Lamine Gassama (born 20 October 1989) is a Senegalese professional footballer who plays as a right back for Swiss club Lausanne-Ouchy and the Senegal national team.

Career

Early career
Gassama grew up in the neighbourhood of La Castellane in the city of Marseille. He began his career playing for FC Martigues, just north of his hometown. After spending two years in the youth system, he returned to Marseille and joined local club Aubagne FC. There, he caught the attention of Olympique Lyonnais and joined the club's academy the following year.

Lyon
Before the start of the 2008–09 season, Gassama was promoted to the first-team squad participating in Lyon's pre-season tour. He appeared in all five matches including starts against Nîmes Olympique, Rapid București, and AS Nancy. On 2 September 2008, it was announced by Lyon that Gassama had signed a professional contract keeping him with the champions until 2011. He made his professional football debut on 29 October 2008 against FC Sochaux-Montbéliard starting in the right back position. The match resulted in a 2–0 victory with Gassama playing the full 90 minutes.
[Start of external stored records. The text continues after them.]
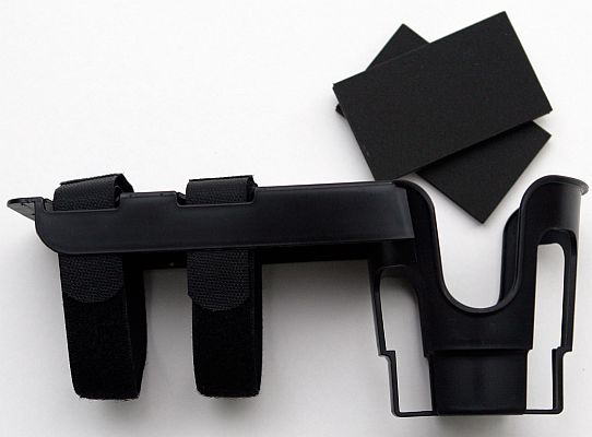 - Attaches simply with velcro straps and grips with foam pads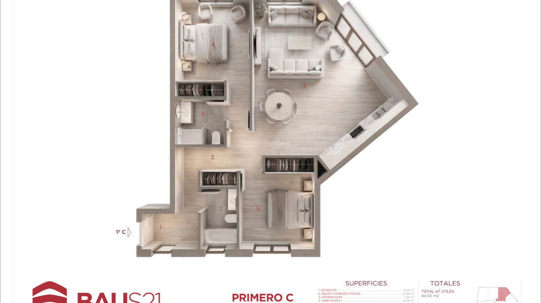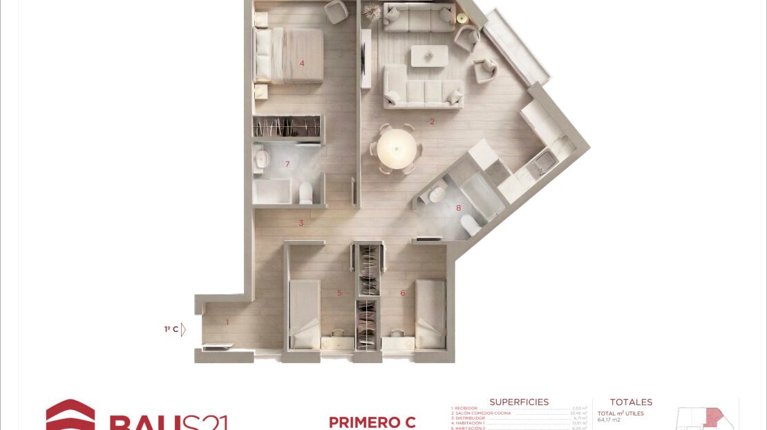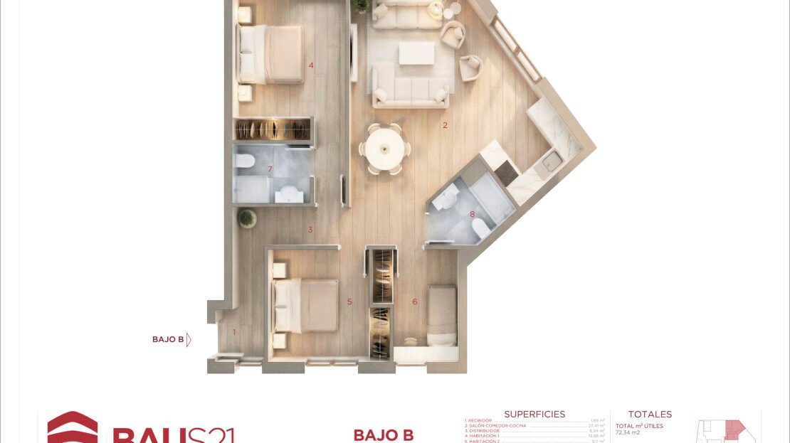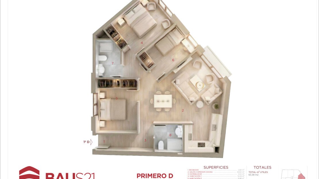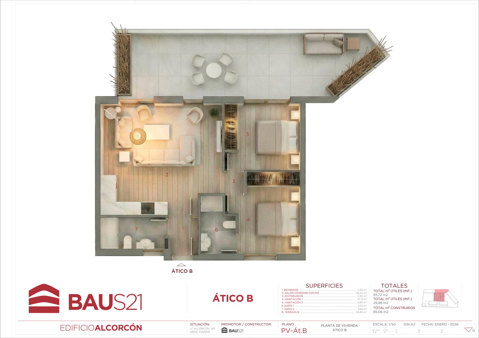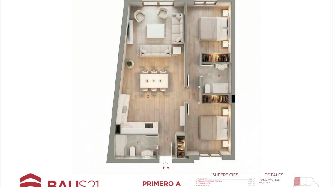 • 3 Dormitorios (con posibilidad de conversión a 2).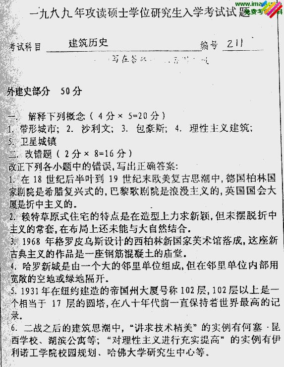 专业课考研经验 本站小编 FreeKaoyan 2018-01-23浙江大学1996年考研真题-建筑历史(含中外建设史)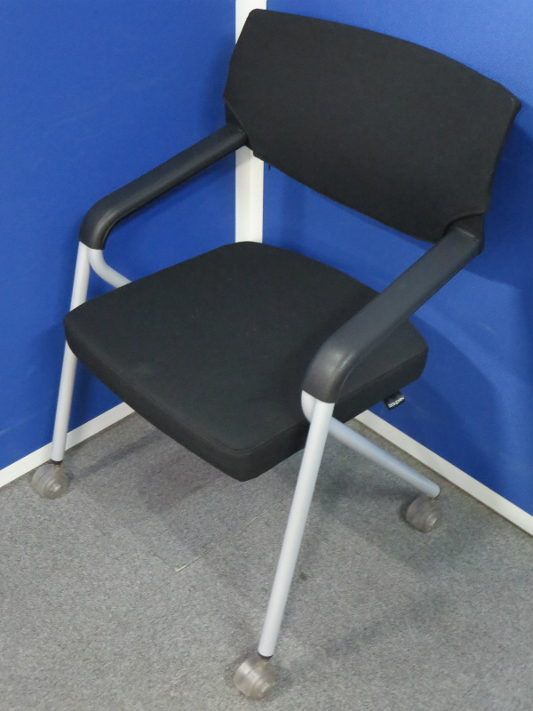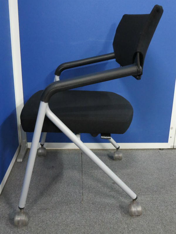【座面が広めでリラックスできます!】■人気のネスティングチェア【肘付・ブラック】■【ドイツ家具メーカー・Dauphin(ドーファン)製】【水平スタッキング】- 川崎店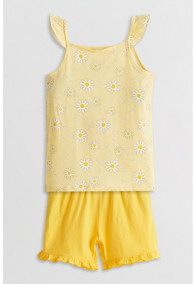 - galben pal Stil: casual Imprimeu: floral Croiala: regular fit Material: bumbac Sistem inchidere: fara inchidere Decolteu: patrat Lungime maneca: fara maneca Lungime pantaloni: scurti Detalii: insertii cu volane Colectie: primavara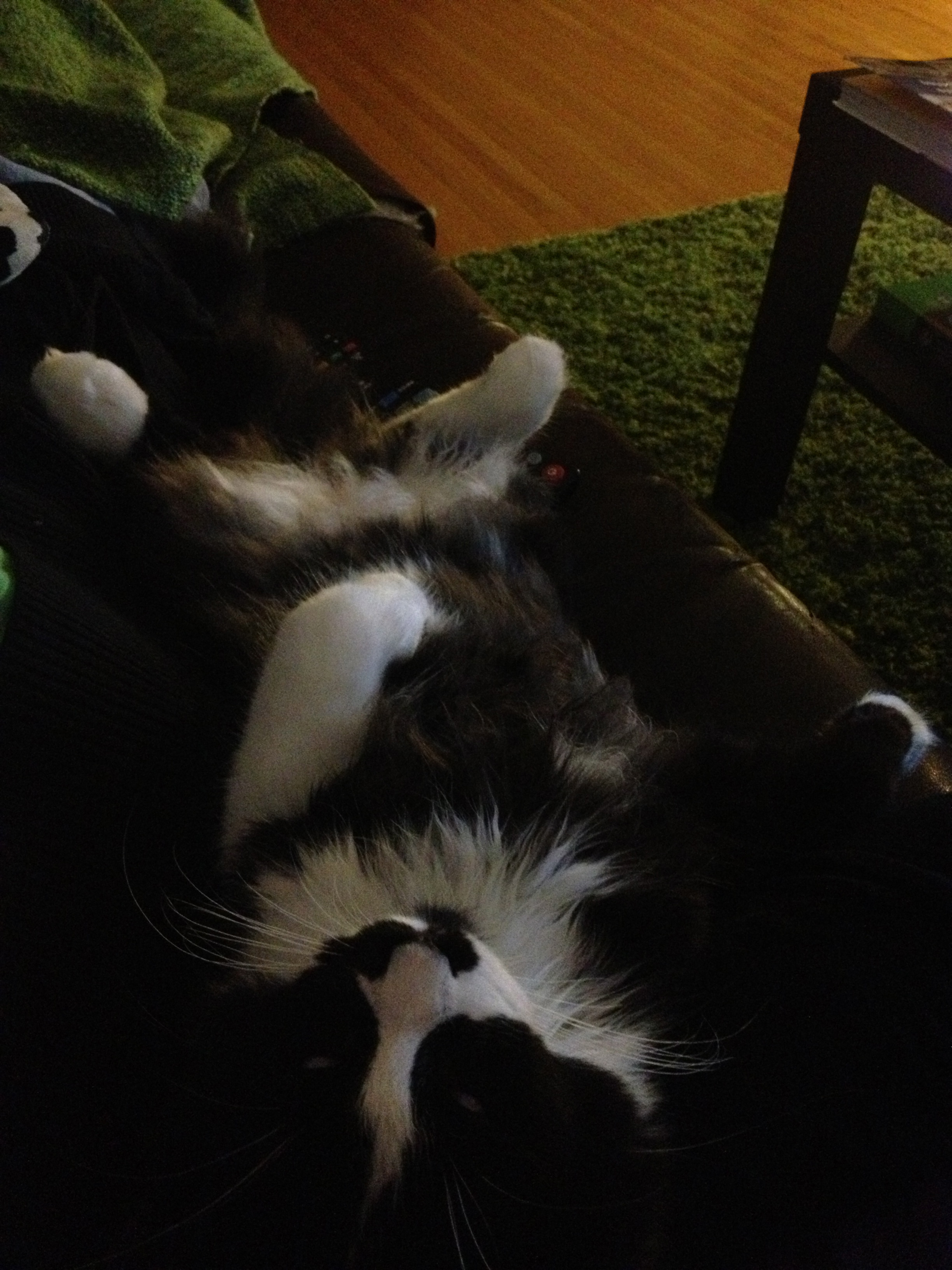 Last year, I had no cat. Now I have a cat and every day is like frikkin cat week. He’s recently learned how to sleep in the bedroom at night-time without waking me up, paws on either side of my face, licking my lip and meowing at me.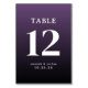 This elegant wedding table card features a sophisticated gradient background transitioning from deep purple to a lighter shade, creating a modern and formal atmosphere. The design highlights the number "12" in bold white serif font at its center, with the word "TABLE" above it in smaller uppercase letters. Below, customizable text fields allow for personalization with names and dates in clean sans-serif typography. The minimalist layout emphasizes clarity and style, making it perfect for adding a touch of contemporary elegance to your event decor.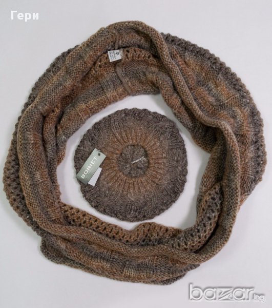 Кафяв дамски плетен комплект от шал и шапка марка Bonnet, снимка 1 - Шалове - 17607477 Кафяв дамски плетен комплект от шал и шапка марка Bonnet, снимка 2 - Шалове - 17607477 Кафяв дамски плетен комплект от шал и шапка марка Bonnet, снимка 3 - Шалове - 17607477 Кафяв дамски плетен комплект от шал и шапка марка Bonnet, снимка 4 - Шалове - 17607477 1/4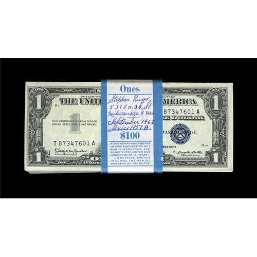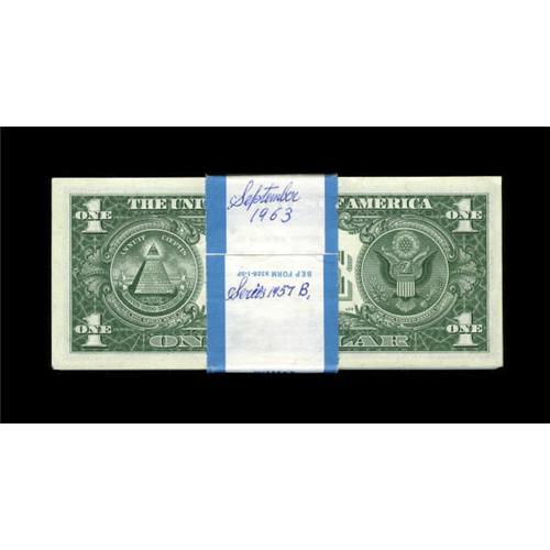 <B>Fr. 1621 $1 1957B Silver Certificate. Original Pack of 100. Gem Crisp Uncirculated.</B></I><BR> An original pack of 100 notes, complete with the band, which is inscribed with a past owner's name and address and a date of September, 1963. <BR><BR><b>Shipping:</b> Coins & Currency (<a target="_blank" href="http://www.heritageauctions.com/common/shipping.php">view shipping information</a>)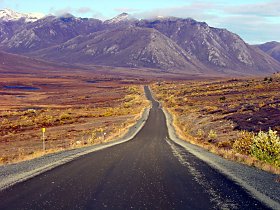 Was für ein Tag! Aber der Reihe nach...: Schon vor Sonnenaufgang vom Wecker wach. Kurz vor 8 Uhr Abfahrt Richtung Dempster Corner. Gerade auf

Gassama made seven league appearances, and also made his debut in the UEFA Champions League starting Lyon's final group stage match against Bayern Munich, with his primary responsibility being to contain fellow Frenchman and the much more experienced Franck Ribéry. The matchup, in the end, was unquestionably in Ribéry's favor, as Lyon lost the match 2–3 with the French talisman being involved in two of Bayern's goals and Gassama being substituted out in the 64th minute.

Lorient
On 26 January 2012, Gassama joined Lorient on a free transfer, after Olympique Lyonnais decided not to extend his contract.

Lausanne-Ouchy
On 11 July 2022, Gassama signed with Lausanne-Ouchy in Switzerland.

International career
Gassama made no appearances with any of France's youth squads. However, due to his performances with Lyon, he received a surprise call-up to the under-21 squad, who were looking to start fresh after their elimination from the 2009 UEFA European Under-21 Football Championship, for a friendly against Denmark. He made his under-21 debut in that match starting the match in the right back position before being subbed out in the 82nd minute. France would go on to win the match 1–0.

In May 2011, it was confirmed that Gassama would be representing Senegal at senior international level. He made his debut on 10 August 2011 in a 0–2 friendly home defeat against Morocco.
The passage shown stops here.